ECEGT01-F 10μM 2.0μl，

ECEGT01-R 10μM 2.0μl，

ddH₂O 18.0μl，

total 50.0. mu.l;

5. The method for constructing a system for obtaining fraxinus chinensis dsRNA in large quantity in vitro according to claim 1, wherein in the step (1), the condition system of enzyme digestion is as follows:

SacⅠ 1.0 μl，

SalⅠ 1.0 μl，

NE Buffer(10x) 5.0 μl，

the amplification product or L44404.0. mu.l,

dH₂O 39.0 μl，

total 50.0. mu.l;

the time for enzyme digestion was 10min at 37 ℃.

6. The method for constructing a system for obtaining fraxinus chinensis dsRNA in large quantity in vitro according to claim 1, wherein the linker system is:

4.0ul of the amplified product after enzyme digestion,

the enzyme-digested L44401.0ul,

1.0ul of T4 enzyme,

T4 Buffer 2.5ul，

H₂O 11.5ul，

a total of 20.0 ul.

7. The method for constructing the system for obtaining the fraxinus chinensis dsRNA in large quantity in vitro according to claim 1, wherein the product after the connection is transformed into competent cells DH5 alpha, the competent cells are coated and screened in an SOC solid medium containing 100 μ g/mL ampicillin, and plasmids are extracted after the grown single colony is propagated in an expanded manner, so that the 302a1-L4440 recombinant plasmids are obtained.

8. The method for constructing a system for obtaining fraxinus chinensis dsRNA in large quantity in vitro according to claim 1, wherein the specific method in the step (2) is as follows: the 302a1-L4440 recombinant plasmid obtained in the step (1) is transformed into an Escherichia coli competent cell HT115(DE3) strain, spread on an SOC solid culture medium containing 100 mu g/mL ampicillin and 50 mu g/mL tetracycline, and cultured for 12h in a dark place, and a single colony is picked to obtain 302a1-L4440-HT115 thalli.
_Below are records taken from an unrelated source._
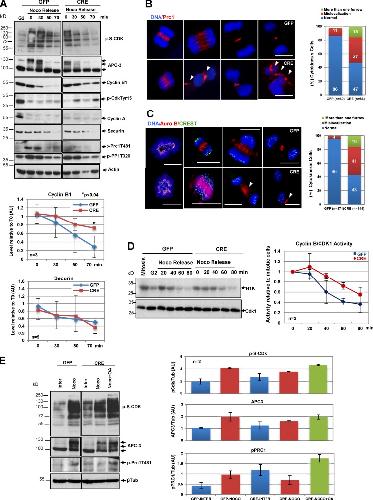Figure 7. Arpp19 ablation promotes premature dephosphorylation of key cyclin B/CDK1 substrates and disrupts the temporal order of events of mitotic exit. (A) GFP- or GFP-Cre–treated MEFs were enriched in mitosis by nocodazole and isolated by shake-off. Cells were then released and collected at the indicated time points. Cell lysates were analyzed by Western blotting. Cyclin B1 and securin levels were quantified using ImageJ and are represented relative to the G2 levels. (B and C)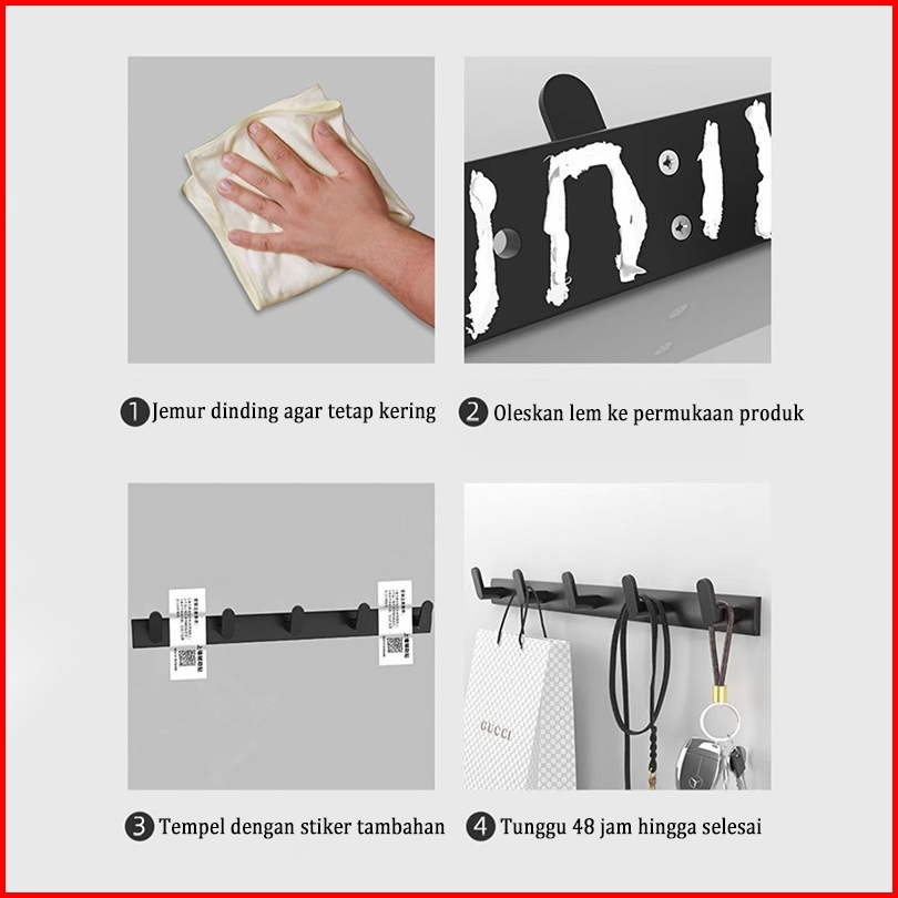 Meidoo Gantungan Kamar Mandi Kait Dinding Tahan Air Bebas Pelubang Hitam Putih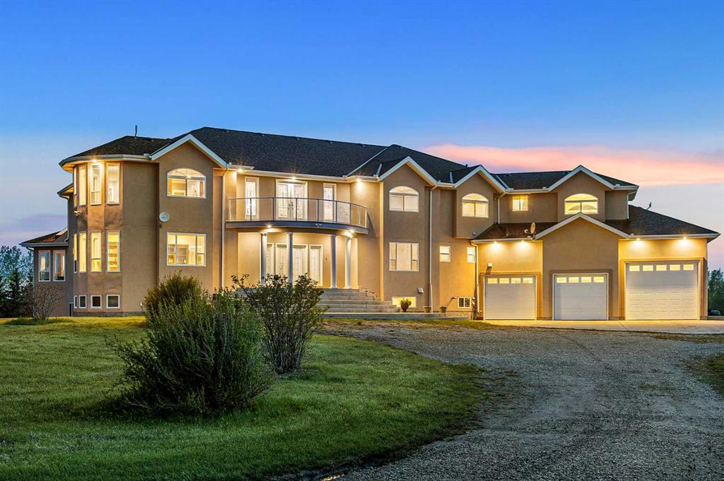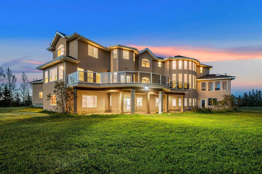 ONE OF A KIND ACREAGE - 20+ ACRE PARCEL (IDEAL FOR SUBDIVISION; SUBJECT TO COUNTY APPROVAL) - 10,800+ SQ FT W 10 BEDROOMS, 6 FULL BATHS & 2 HALF BATHS - WALKOUT BASEMENT WITH A LEGAL SUITE & ILLEGAL SUITE - OVERSIZED TRIPLE CAR GARAGE - OVERSIZED DRIVEWAY - HUGE 46 FT BALCONY & PATIO - TONS OF UPGRADES INCLUDING HIGH CEILINGS, VAULTED CEILINGS, GRANITE COUNTERS, FULL HEIGHT CABINETRY & MORE - MOUNTAIN VIEWS - Main Level offers 2 dining rooms, Oval office, BEDROOM WITH ENSUITE, SUNROOM, living room with Vaulted Ceilings, Spacious Kitchen, family room with fireplace, laundry and half bath - Upper level offers 6 Bedrooms (5 Beds + 1 Den/Bonus) & 3.5 Baths. All bedrooms have direct access to a FULL bath (excluding the Den/Bonus). Of the 6 bedrooms, 1 is the master that comes with a W.I.C & 5 PC ENSUITE! There is also a half bath on the upper level. The walkout basement offers 2 living spaces (1 legal suite & 1 illegal suite) combining for a total of 3 Bedrooms + 1 Media Room (that can also be used as an additional bedroom), 2 kitchen, 2 FULL baths & a rec room and family room! There are lots of amazing features with this property starting with its LOCATION -> Just a stone's throw from Chestermere City, approximately few minutes from Chestermere High School & around 25 minutes to Downtown Calgary! In addition to that, this home is on a SUBDIVIDABLE PARCEL (subject to county approval) and with the Illegal and Legal Suite in the basement, you have 2 MORTGAGE HELPERS for your property!

9. The method of claim 1, wherein the step (3) comprises culturing 302a1-L4440-HT115 in SOC liquid medium containing 100. mu.g/mL ampicillin and 50. mu.g/mL tetracycline at 37 ℃ in the absence of light for 10-12h, and shake culturing in 2 × YT liquid medium containing 75. mu.g/mL ampicillin and 12.5. mu.g/mL tetracycline until OD is reached₆₀₀And (3) =0.38-0.42, adding IPTG (isopropyl-beta-D-thiogalactoside) to induce and culture for 3-4 h, and obtaining the dsRNA bacterial liquid containing the fraxinus chinensis 302a1 gene fragment.